- [Work to complete] From the listing below, restate word for word the lines from the line containing "Obr. 11. Syndrom rozhněvaných zad" down through the line containing "مسؤولو الأسلحة بدول مجلس التعاون". Exclude pictures.

----- Data -----

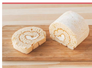
08 もち麦はったい粉ロール ベティ・クロッカーズ フジグラン重信店

東温市の「ジェイ・ウィングファーム」で栽培されたもち麦を使用した、素朴な味が魅力のパンです。愛媛県産の強力粉、卵もできる限り地域の養鶏場のものを使用。陽光桜パンとともに、東温市さくらの湯観光物産センターふるさと体験棟で焼き上げています。
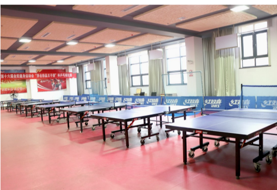
沾化区工人文化宫乒乓球馆。
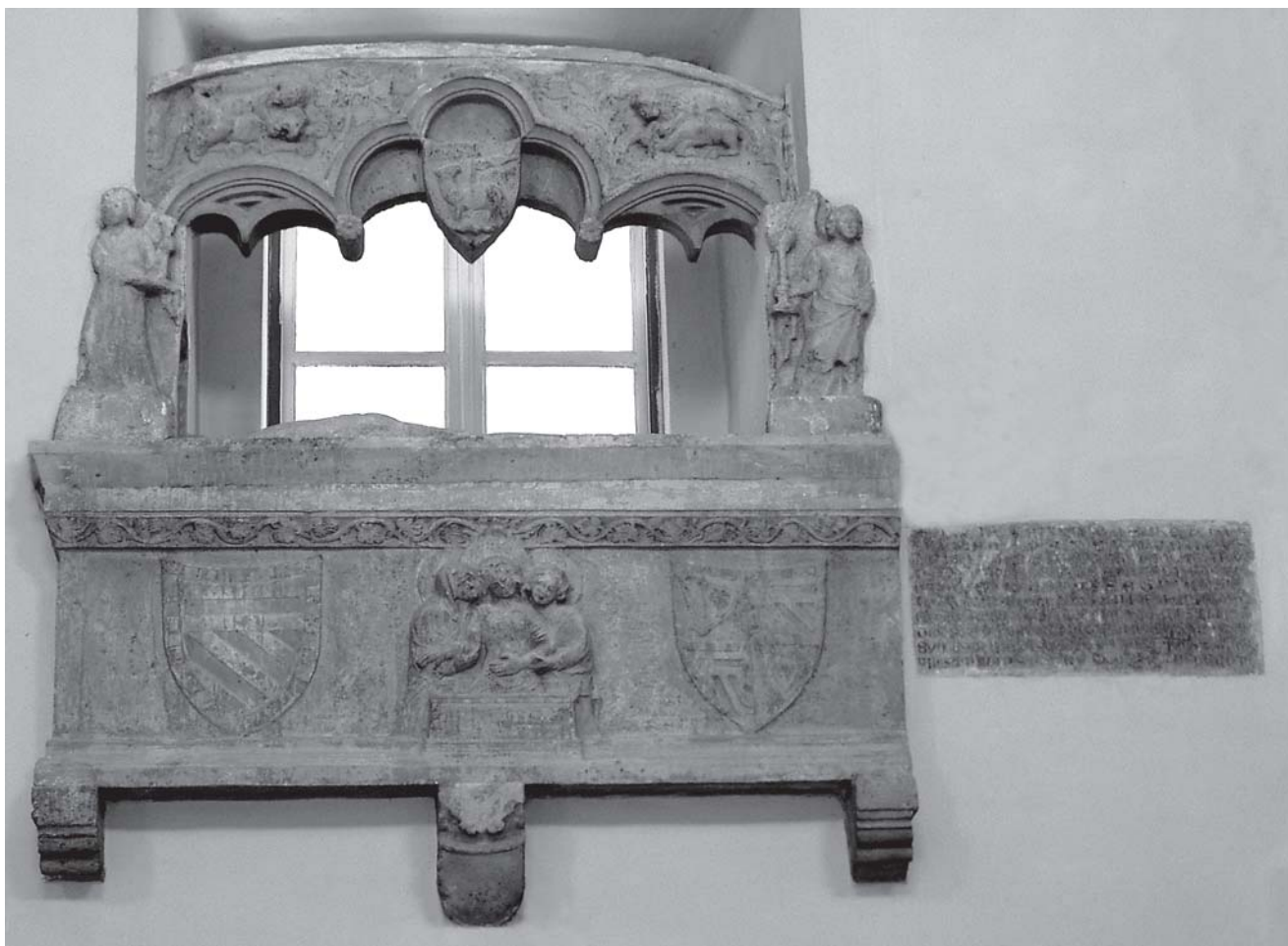
Pavao iz Sulmone, grobni spomenik biskupa de Cardinalibus (Senj, katedrala) Paolo da Sulmona, Tomb of bishop de Cardinalibus, Senj, cathedral

zgrabio jelena, a s lijeve reljef Herakla (?) na leđima lava. Luk je izvorno bio postavljen nešto povišenije u odnosu na sarkofag, te je vjerojatno zatvarao nišu nad njim. 7
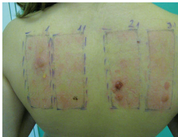
Obr. 11. Syndrom rozhněvaných zad
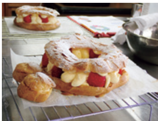
①親子で楽しくお菓子作り
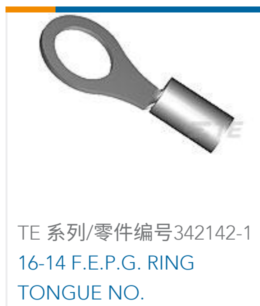
TE 系列/零件编号342142-1 16-14 F.E.P.G. RING TONGUE NO.
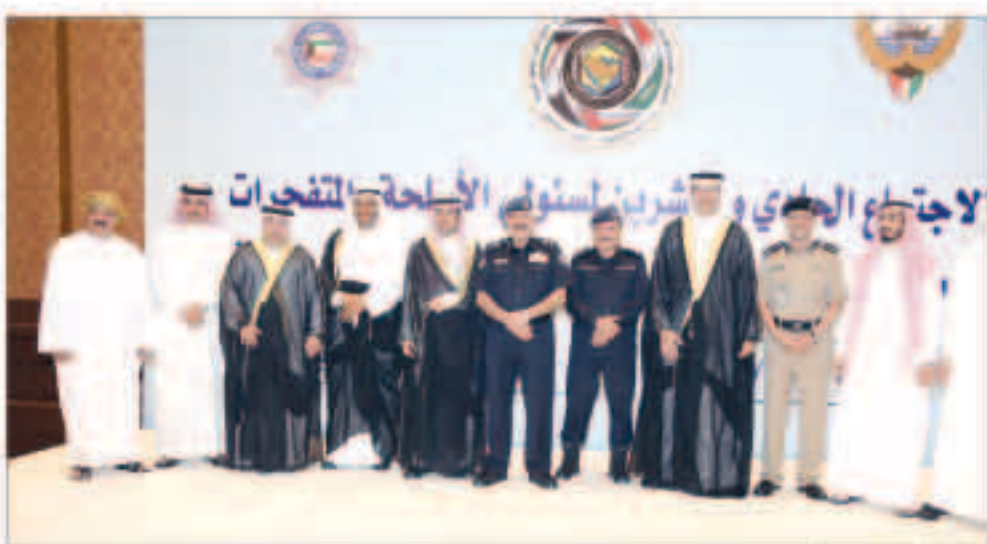
مسؤولو الأسلحة بدول مجلس التعاون

الخاصة بالأسلحة النارية المفقودة التي سبق ترخيصها، وأعاد بيان الاجتماع سيبحث أيضا ملف الأسلحة المهربة والمعدلة ومناقشة طرق وأساليب التخلص من الألعاب النارية والإنفاق على مواصفات ثبات نقل المتفجرات ومستودعات المتفجرات. وتطرق الدوسري في كلمته إلى مناقشة وتعميم المواد التجارية التي تدخل في صناعة المتفجرات المنزلية والمتفجرات التي وصلت إليه دول المجلس بالتعاون في هذا المجال والخطط النوعية والجوانب المتعلقة بمخاطر الأسلحة والمتفجرات وشروط المعاملين بهذا المجال في الشركات المدنية بالدول الأعضاء. من جانبه أعرب ممثل الأمانة العامة لمجلس التعاون الخليجي عن شكره وتقديره لجهود الكويت التي ساهمت في إعداد لائحة المتفجرات، واستضافتها لاجتماع مسؤولي الأسلحة والمتفجرات بدول مجلس التعاون لدول الخليج العربية والوفود المشاركة
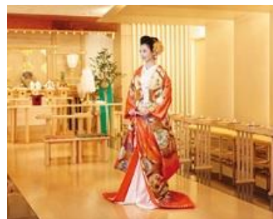
※衣裳着用イメージ
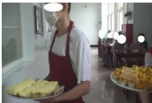
小吃班提供懇親同家屬品嚐小吃點心
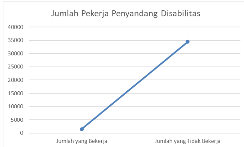
Gambar 3. Perbandingan Jumlah Pekerja dan Tidak Bekerja Penyandang Disabilitas

Dan berdasarkan data yang diperoleh dari data Jabar Juga diperoleh bahwa angka penyandang disabilitas yang tidak bekerja cukup tinggi yaitu berjumlah sebanyak 34475 jiwa sedangkan jumlah yang bekerja hanya sebanyak 1478 jiwa. Bisa dilihat pada gambar 3. Hal ini menunjukkan tingginya jumlah penyandang disabilitas yang tidak bekerja padahal beberapa dari mereka juga ingin merasakan bekerja seperti layaknya orang pada umumnya. Mereka yang seharusnya bisa dan mampu untuk bekerja tetapi tidak mendapatkan akses pekerjaan. Hal tersebut sangat disayangkan apalagi di era digital seperti saat ini.
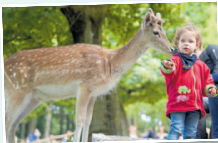
Die Kids können unter anderem das Damwild im Freigehege füttern

■ (mk) Vahrendorf. Das schönste Geschenk ist gemeinsame Zeit – das gilt auch zum Muttertag. Wie wäre es zum Beispiel mit einem ausgiebigen Frühstück im Wildpark-Restaurant? Das reichhaltig gedeckte Frühstücks-Buffer lässt dabei keine Wünsche offen: krosse Brötchen, leckere Käse- und Wurstvariationen, deftiges Rührei mit Speck & Würstchen, Müsli und frisches Obst ... hier ist für jeden etwas dabei. Für nur 21,90 Euro pro Person inkl. Kaffee, Tee und Saft kann am 12. Mai von 8.30 Uhr bis 11 Uhr nach Herzenslust geschlemmt werden. Übrigens: Kinder bis 12 Jahre zahlen nur den halben Buffetpreis. Jetzt schnell sein und ein paar der begehrten Plätze reservieren unter Tel. 040 8197747-40. Gut gestärkt geht es danach weiter durch den Wildpark, um eine große Runde spa-

-----

- [Solution to this problem]
Obr. 11. Syndrom rozhněvaných zad
①親子で楽しくお菓子作り
TE 系列/零件编号342142-1 16-14 F.E.P.G. RING TONGUE NO.
مسؤولو الأسلحة بدول مجلس التعاون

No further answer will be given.